I think each word is a little black box of its own. We all think we know what we are talking about when we say "God" or "Open Source" but are we talking about the same thing? We don't think deeply about "God" and really invision HIM every time we utter the word. (Although maybe that's blasphemous.) Maybe we are all living in parallel universes with slightly different meaning for everything, but similar enough to think we are living in the same universe.
It seems to me that the root of much argument and conflict comes from language causing people to think that are talking when in fact they are in an apples and oranges situation.
Edward Hall's book Beyond Culture is a great book on how different cultures can be.
It sounds like this is something you've thought about quite a bit with more structure than I have... This is where I start to lose it... ;-)
i like this blog very much, also read "origins of genius," and you MUST read "Fooled by Randomness: The Hidden Role of Chance in the Markets and in Life." both in many ways play on the same theme.

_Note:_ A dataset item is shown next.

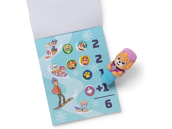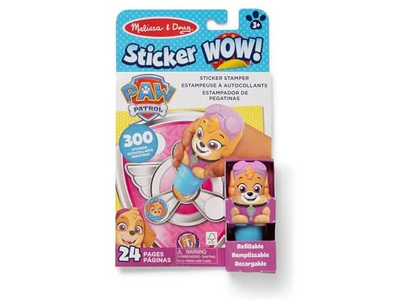 Melissa & Doug Sticker WOW!™ is a whole new way to play with stickers! Let the adorable, collectible PAW Patrol pup Skye stamp, stamp, stamp its way through 24 pages of fun-filled, PAW Patrol-themed counting, matching, and search-and-find activities. The refillable sticker stamper comes pre-loaded with a sticker stack of 300 assorted stickers – with 100 unique designs in every stack, each sticker is a surprise! Themed refill packs are sold separately and are compatible with any Sticker WOW!™ sticker stamper. Stickers are not reusable, but are easy to remove if necessary. Fill in the activity pages and use for creative art projects, such as bookmarks, posters, cards, and more. Easy-to-remove stickers and the convenient on-the-go format with built-in sticker stamper storage makes Sticker WOW!™ a great mess-free travel activity. Sticker WOW!™ (patent pending) promotes fine motor skills, encourages creative play, and it’s satisfying, fidget fun! This product is certified by the Forest Stewardship Council. FSC certification ensures that products come from responsibly managed forests that provide environmental, social, and economic benefits, and that forests are protected for future generations. Please note that FSC certification applies to new inventory only (FSC C156584)

The name Bruno Latour was familiar to me. Digging a bit, I just remembered that Alan Sokal and Jean Bricmont discussed his theories in Fashionable Nonsense: Postmodern Intellectuals' Abuse of Science.
You can find on Sokal's site some texts that address this issue, for example Professor Latour's Philosophical Mystifications
I wouldn't waste too much time on Sokal's text - he's about as far from understanding Latour as he is from understanding the concept of humility.
I wouldn't waste too much time on Sokal's text - he's about as far from understanding Latour as he is from understanding the concept of humility.
I wouldn't waste too much time on Sokal's text - he's about as far from understanding Latour as he is from understanding the concept of humility.
There is some interesting points here and a lot of nonsense as well.
The interesting points come from Joi particularly the points on language and printing and structure.
On the nonsense - The second law of thermodynamics is not violated by the appearance of life any more than the sun violates the same law.
Sokal does have valuable things to say about Latour - especially regarding truth claims in science.
I think Latour has more of value to say about the nature of technology and how we use our tools and why we adopt tools and practices than he does about science. Think Moores "Crossing the Chasm" in light of Latour and then think about recent discussions on social objects in the same light.